True. With ptep_get_norecency() you're also penalizing other architectures.
Therefore my original thought about making the behavior arch-specific, but the
arch has to make sure to get the combination of
ptep_get_lockless_norecency()+ptep_same_norecency() is right.
So if an arch decide to ignore bits in ptep_get_lockless_norecency(), it must
make sure to also ignore them in ptep_same_norecency(), and must be able to
handle access/dirty bit changes differently.
Maybe one could have one variant for "hw-managed access/dirty" vs. "sw managed
accessed or dirty". Only the former would end up ignoring stuff here, the latter
would not.
But again, just some random thoughts how this affects other architectures and
how we could avoid it. The issue I describe in patch #3 would be gone if
ptep_same_norecency() would just do a ptep_same() check on other architectures
-- and would make it easier to sell :)
I've been thinking some more about this. I think your proposal is the following:
// ARM64
ptep_get_lockless_norecency()
{
- returned access/dirty may be incorrect
- returned access/dirty may be differently incorrect between 2 calls
}
pte_same_norecency()
{
- ignore access/dirty when doing comparison
}
ptep_set_access_flags(ptep, pte)
{
- must not assume access/dirty in pte are "more permissive" than
access/dirty in *ptep
- must only set access/dirty in *ptep, never clear
}
// Other arches: no change to generated code
ptep_get_lockless_norecency()
{
return ptep_get_lockless();
}
pte_same_norecency()
{
return pte_same();
}
ptep_set_access_flags(ptep, pte)
{
- may assume access/dirty in pte are "more permissive" than access/dirty
in *ptep
- if no HW access/dirty updates, "*ptep = pte" always results in "more
permissive" change
}
An arch either specializes all 3 or none of them.
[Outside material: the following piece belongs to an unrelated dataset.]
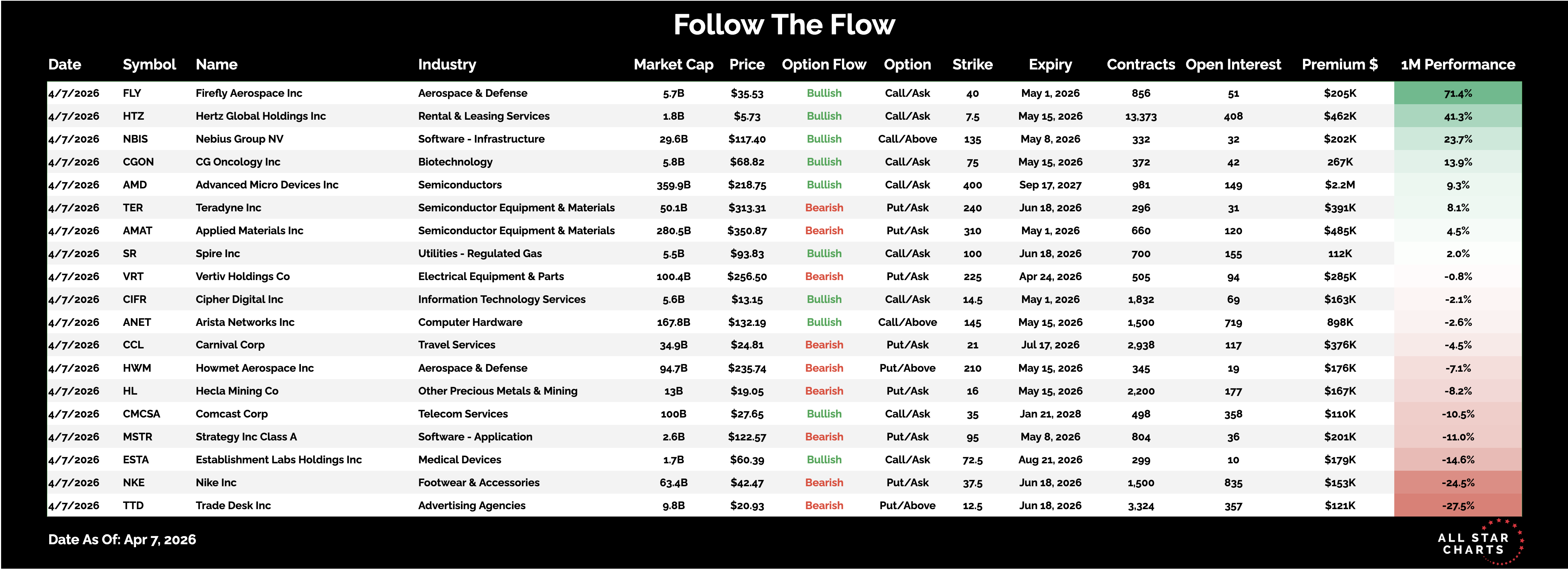 The Daily Flow Big Money Is Buying the Wreckage in HTZ, Betting Long on AMD, and Piling Into TTD Puts By Steve Strazza April 7, 2026 This note highlights a select group of stocks showing the most unusual — and highly directional — options activity.The goal is simple: follow the big money and trade in the direction of the underlying trend.Here is the list of Unusual Options activity from April 7: *Click to enlarge viewHertz Global Holdings $HTZ — The rental car space has been under pressure, but this kind of flow is hard to ignore.Traders swept 13,373 contracts of the 5/15 $7.5 calls — the largest contract count on the tape — a massive bet on a near-term reversal.Advanced Micro Devices $AMD — Semis remain volatile, but longer-dated bets suggest smart money is positioning for recovery.Bullish flow came in with 981 contracts of the 9/17/27 $400 calls, a patient, high-conviction bet on a move back to much higher levels.Trade Desk $TTD — One of the hardest-hit areas, and bears are still pressing.3,324 contracts of the 6/18 $12.5 puts traded — the second-largest print today — signaling continued downside pressure. All Star Charts Premium Service Menu Service (ASC Premium) Trade Ideas Conference Calls Research Reports 2 to 100 Club Boomtown Commodities Weekly Currency Report Follow The Flow Freshly Squeezed Hall of Famers International Hall of Famers Junior Hall of Famers Junior International Hall of Famers Minor Leaguers Supercycle Report The Bond Report The Short Report Top Down Trade Of The Week Top Stocks Of The Month Under The Hood Young Aristocrats Saturday Morning Chartoons Contact More from All Star Charts Premium Sam Gatlin The Most Hated Stocks Are Going Vertical Short sellers are being forced to unwind their positions, and it's sparking massive short squeezes. April 16, 2026 Sam Gatlin Junior Hall of Famers April 16, 2026 Steve Strazza The Daily Flow Uranium Is Glowing, Biotech Is Breathing, and the Big Bank Is Back April 15, 2026 More from All Star Charts Premium 2 to 100 Club Join Today The Strazza Letter Subscribe ASC Mastermind Join Today

This would allow us to get rid of ptep_get_lockless().
And it addresses the bug you found with ptep_set_access_flags().
BUT, I still have a nagging feeling that there are likely to be other similar
problems caused by ignoring access/dirty during pte_same_norecency(). I can't
convince myself that its definitely all safe and robust.
Right, we'd have to identify the other possible cases and document what
an arch + common code must stick to to make it work.
Some rules would be: if an arch implements ptep_get_lockless_norecency():
(1) Passing the result from ptep_get_lockless_norecency() to pte_same()
is wrong.
(2) Checking pte_young()/pte_old/pte_dirty()/pte_clean() after
ptep_get_lockless_norecency() is very likely wrong.
So I'm leaning towards dropping patch 3 and therefore keeping
ptep_get_lockless() around.
Let me know if you have any insight that might help me change my mind :)
I'm wondering if it would help if we could find a better name (or
concept) for "norecency" here, that expresses that only on some archs
we'd have that fuzzy handling.
Keeping ptep_get_lockless() around for now sounds like the best alternative.